UPDATE: This story was updated with details from Thursday night’s arraignment, as well as additional reporting from The Associated Press.
NEW YORK—The man accused of stabbing two children, one fatally, was arraigned Thursday at the Central Court Building in downtown Brooklyn. Daniel St. Hubert, 27, was arrested on Wednesday night as the prime suspect in the attack of Prince Joshua Avitto, 6, and Mikayla Capers, 7. The children were stabbed repeatedly in an elevator in their building on Sunday.
St. Hubert was charged Thursday night with second degree murder, second degree attempted murder, assault, criminal possession of a weapon in the third and fourth degree, making graffiti and possession of a graffiti instrument.
The funeral for Avitto, who did not survive, was also scheduled for Friday morning. Capers remains in the hospital recovering from her wounds.
The NYPD has also said St. Hubert is a person of interest in the similar stabbing death of 18-year-old Tanaya Copeland. Copeland was murdered just a few blocks away after she was stabbed multiple times. The knife used to kill her, found nearby, was similar to the one found at the scene where the children were attacked.

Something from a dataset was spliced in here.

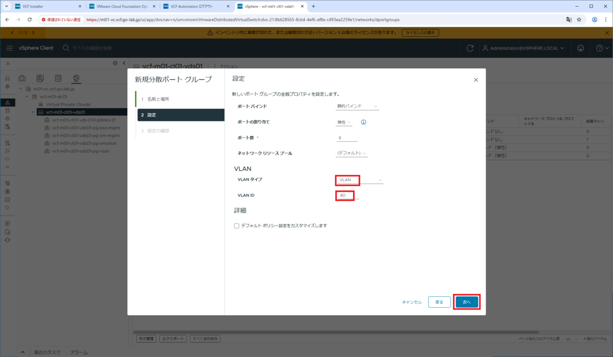 - 名前:vcf-m01-cl01-vds01-pg-vlan80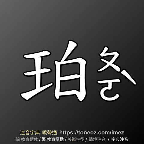 珀,注音ㄆㄛˋ,拼音pò,辭典解釋為:→琥珀

St. Hubert hasn’t formally been charged in this, or another stabbing at a Manhattan subway platform for which he is suspected as investigators are still testing forensic evidence, police said.
St. Hubert, who was released from prison on May 23 following a five-year sentence for attempted murder and assault, was in custody and unavailable for comment. He has not made any statements implicating himself and has retained a lawyer, police said. The name of the lawyer was not immediately available.

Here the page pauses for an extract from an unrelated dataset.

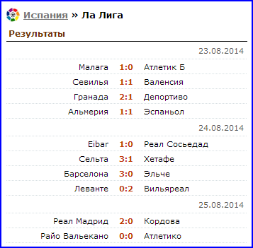 Итоги 1 тура H2H Liga BBVA 2014/2015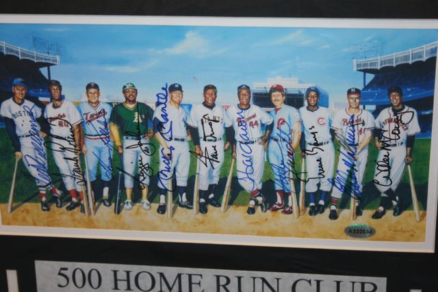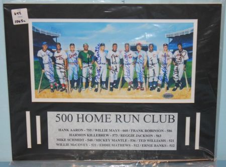 500 Home Run Club Autographs Hank Aaron-755/ Willie Mays-660/ Frank Robinson-586/ Harmon Killebrew-573/ Reggie Jackson-563/ Mike Schmidt-548/ Mickey Mantle-536/ Ted Williams-521/ Willie McCovey-521/ Eddie Mathews-512/ Ernie Banks-512. Serial: A22534, YMC Sports Certificate of Authenticity, 11" x 14". 500 Home Run Club Autographs Hank Aaron-755/ Willie Mays-660/ Frank Robinson-586/ Harmon Killebrew-573/ Reggie Jackson-563/ Mike Schmidt-548/ Mickey Mantle-536/ Ted Williams-521/ Willie McCovey-521/ Eddie Mathews-512/ Ernie Banks-512. Serial: A22534, YMC Sports Certificate of Authenticity, 11" x 14".

St. Hubert was also charged with making graffiti after police said officers witnessed him scrawling on a stop sign shortly before his arrest Wednesday night near his mother’s home, police said.

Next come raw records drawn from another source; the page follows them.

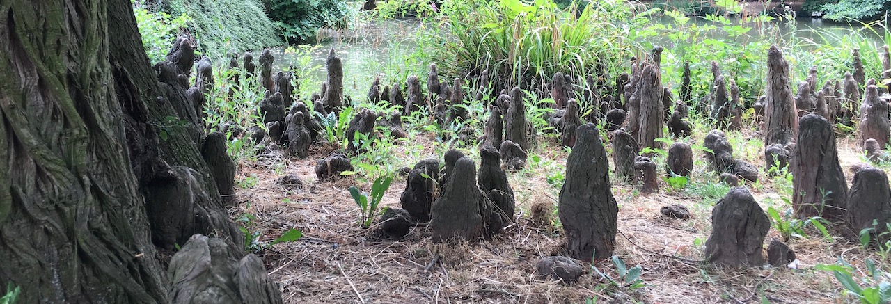 Die Echte Sumpfzypresse ist ein sommergrüner Baum und wirft im Herbst nicht nur ihre Nadelblätter ab, sondern sogar ganze Zweige. An Gewässerufern bildet sie sogenannte Atemknie aus, die ein schwammiges Gewebe enthalten, das die Durchlüftung der im Wasser stehenden Wurzeln fördert.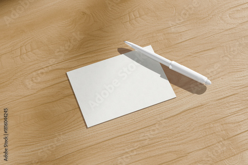 Blank Postcard Mockup on Wooden Desk with Pen – Stationery Design Template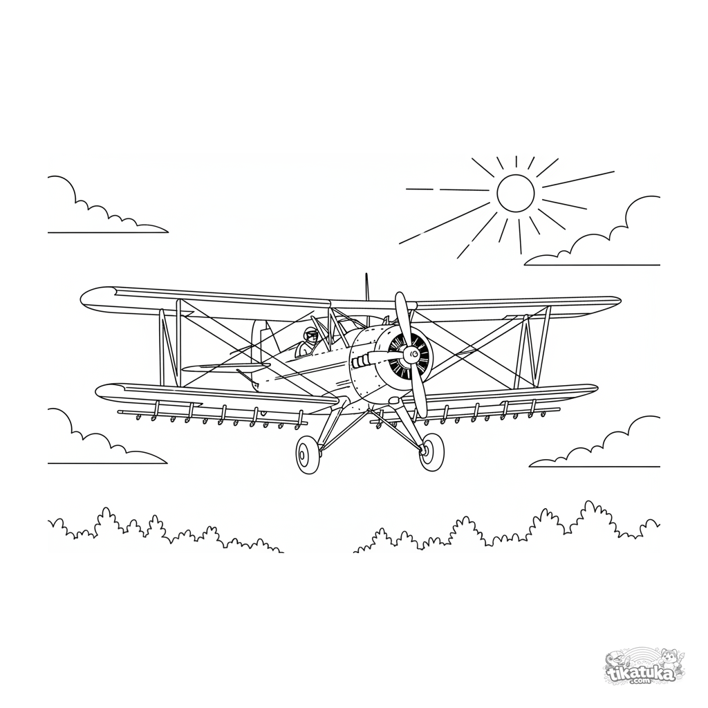Ausmalbild für Kinder 7-9: Ein Sprühflugzeug-Biplane im Flug vor einem malerischen Sonnenuntergangshimmel. Klare Silhouette mit Details.

Court records show St. Hubert was arrested in May 2009 after punching his mother in the face, choking her with an electrical cord and stealing her car. He eventually pleaded guilty in July 2012 and served almost three years of his sentence in city jail or in the custody of the department of mental hygiene, according to court records.
On Thursday, Mayor Bill de Blasio said that there was not yet “sufficient information” that Hubert is the suspect they are seeking, though he said it’s “likely.”
“We all think there’s a strong likelihood, but there is not enough evidence yet to confirm that we can move forward with that potential prosecution,” said de Blasio during an unrelated event at an elementary school.
The mayor also said that police and prosecutors are looking into other possible cases that Hubert could have been involved in. One of them was the violent stabbing of a homeless man on a train platform in Manhattan last week.
St. Hubert is seen on surveillance video near the Manhattan subway stop where a man was stabbed on a platform Wednesday, said Stephen Davis, the police department’s top spokesman.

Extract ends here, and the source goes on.